**Problem to solve**
Beginning with the line that contains "図7 Oak Park", transcribe the rest of the listing below exactly, including its last line, and exclude any pictures.

**Data for this exercise**
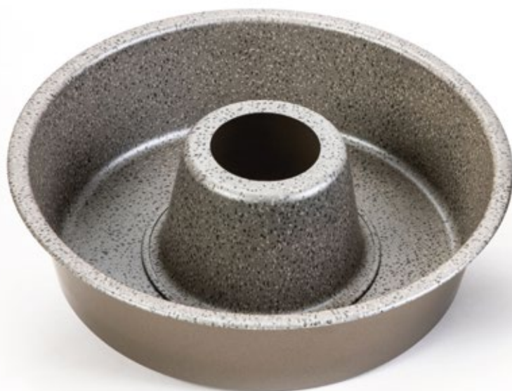
CIAMBELLA DONUT CAKE Ø 28 cm
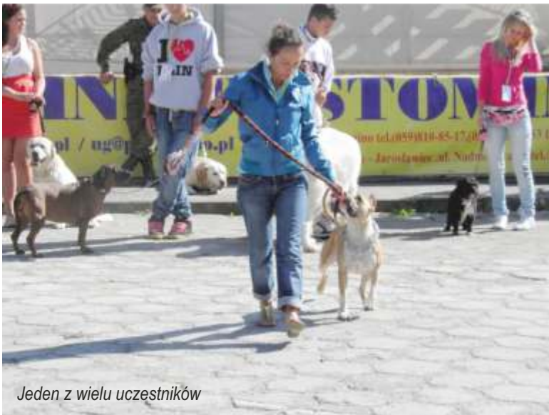
Jeden z wielu uczestników

Na parkingu jarostawieckiej skarpy brzegowego klifu w sobotę, 20 sierpnia 2011 r. w trzech kategoriach wiekowych:
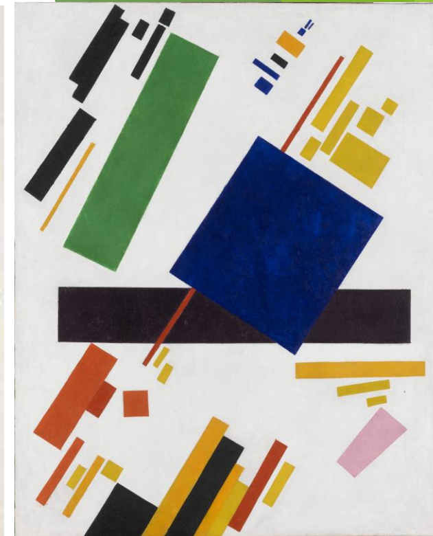
Kazimir Malevič, Suprematistična kompozicija, 1916, olje na platnu

Katere likovne elemente prepoznaš v delih Maleviča in Beti Bricelj?
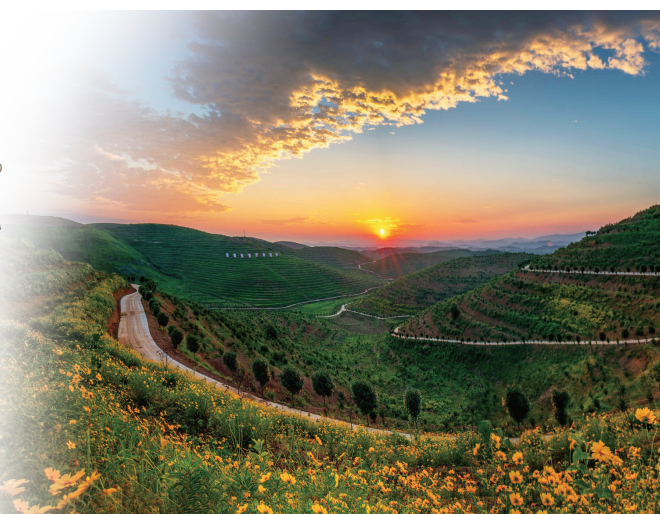
邵阳县白仓镇瓦屋村油茶示范基地。
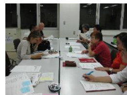
委員会では様々な意見が出されます。

今年は言葉としてテーマは設定しませんが「お互いが助け合ってつながって行くフェスティバルにしたい」という方針を共有し、コラボレーション企画、広報委員の新設など、より多くの皆さんにフェスティバルにご参加いただけるよう、取り組みを始めています！
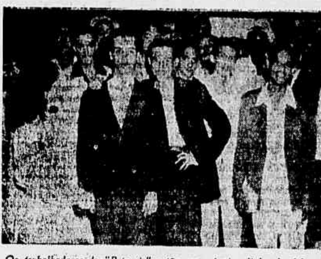
Os trabalhadores da «Petronio» estão na primeira linha de defesa do Sindicato. — Afirmaram à redação, os membros da comissão que aparece no clichê

Numerosa comissão de operários da «Fábrica de Calçados Petronio» veio à nossa redação hipotecar solidariedade à Comissão Central de Defesa do Sindicato — Organizada a Comissão de Defesa no local de trabalho — Confiam em que os representantes do povo na Câmara dos Deputados aprovem rapidamente o projeto de duplicação dos salários mínimos
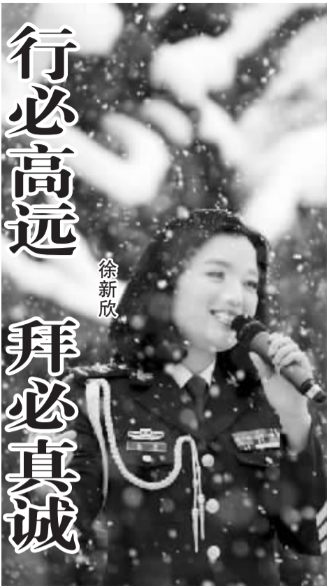
漫天鹅毛大雪中，白雪在石河子演出

2013年新春将至，两个月来，7支大拜年的小分队带领驻地军旅艺术家们，北上雪域高原，南下三沙海岛，东进茫茫林海，西出大漠戈壁，给基层官兵拜年，送去了问候，送去了祝福，送去了欢乐。
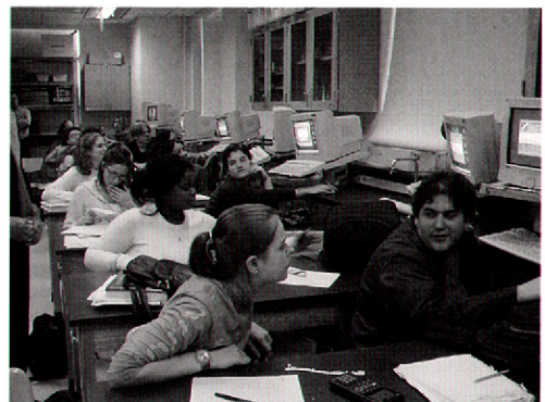
図7 Oak Park & River Forest 高校での KIT を利用した天文学の授業の様子
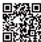
▲はむりんエントリーページ QR コード

**Solution for this problem**
図7 Oak Park & River Forest 高校での KIT を利用した天文学の授業の様子
▲はむりんエントリーページ QR コード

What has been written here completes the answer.